• [WORK TO BE COMPLETED] Leave the pictures out. Return all other data exactly.

• [DATA PROVIDED]
┌────────

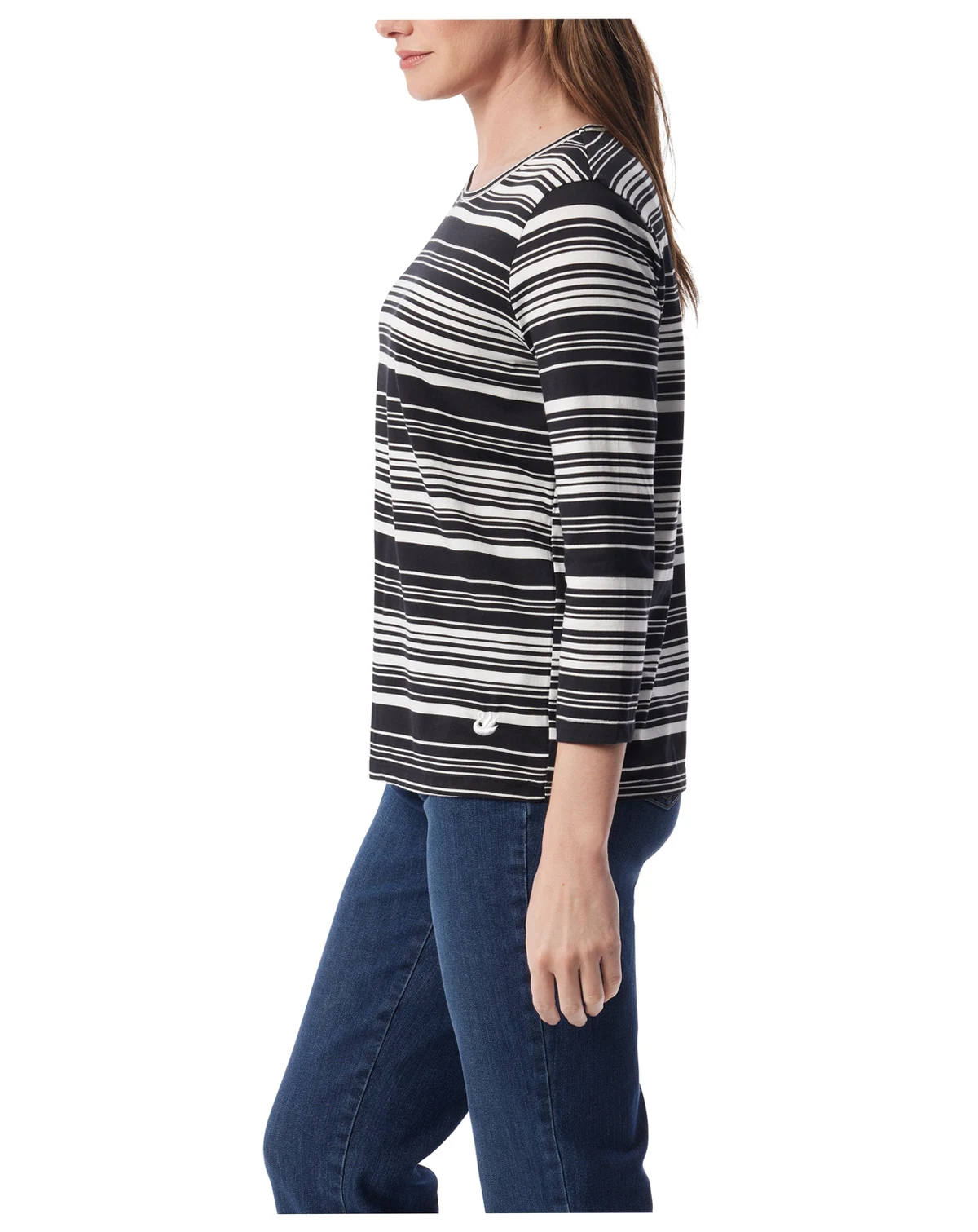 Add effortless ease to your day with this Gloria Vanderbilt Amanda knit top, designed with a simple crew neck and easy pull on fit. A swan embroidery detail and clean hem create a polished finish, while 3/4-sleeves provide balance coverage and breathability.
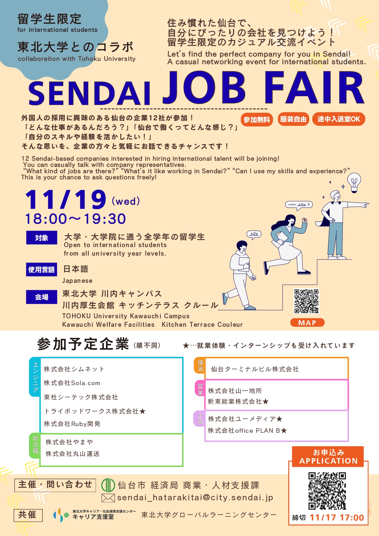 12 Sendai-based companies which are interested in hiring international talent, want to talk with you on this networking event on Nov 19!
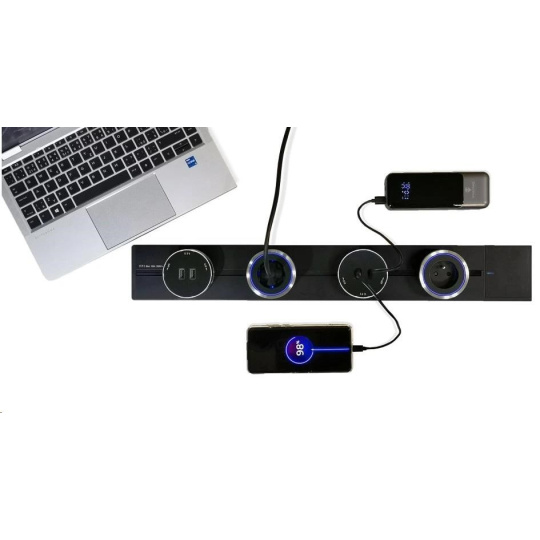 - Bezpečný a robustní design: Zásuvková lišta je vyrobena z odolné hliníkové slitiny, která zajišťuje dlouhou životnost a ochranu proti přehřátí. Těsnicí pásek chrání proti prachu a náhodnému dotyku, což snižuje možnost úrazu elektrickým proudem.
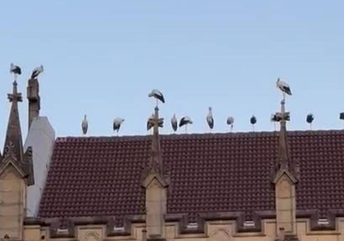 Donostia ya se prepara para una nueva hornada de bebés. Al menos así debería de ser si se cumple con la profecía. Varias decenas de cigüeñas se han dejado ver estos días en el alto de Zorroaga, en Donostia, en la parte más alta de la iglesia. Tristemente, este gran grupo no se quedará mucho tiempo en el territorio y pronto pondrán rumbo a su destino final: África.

└────────

• [TASK RESPONSE]
 Add effortless ease to your day with this Gloria Vanderbilt Amanda knit top, designed with a simple crew neck and easy pull on fit. A swan embroidery detail and clean hem create a polished finish, while 3/4-sleeves provide balance coverage and breathability.
 12 Sendai-based companies which are interested in hiring international talent, want to talk with you on this networking event on Nov 19!
 - Bezpečný a robustní design: Zásuvková lišta je vyrobena z odolné hliníkové slitiny, která zajišťuje dlouhou životnost a ochranu proti přehřátí. Těsnicí pásek chrání proti prachu a náhodnému dotyku, což snižuje možnost úrazu elektrickým proudem.
 Donostia ya se prepara para una nueva hornada de bebés. Al menos así debería de ser si se cumple con la profecía. Varias decenas de cigüeñas se han dejado ver estos días en el alto de Zorroaga, en Donostia, en la parte más alta de la iglesia. Tristemente, este gran grupo no se quedará mucho tiempo en el territorio y pronto pondrán rumbo a su destino final: África.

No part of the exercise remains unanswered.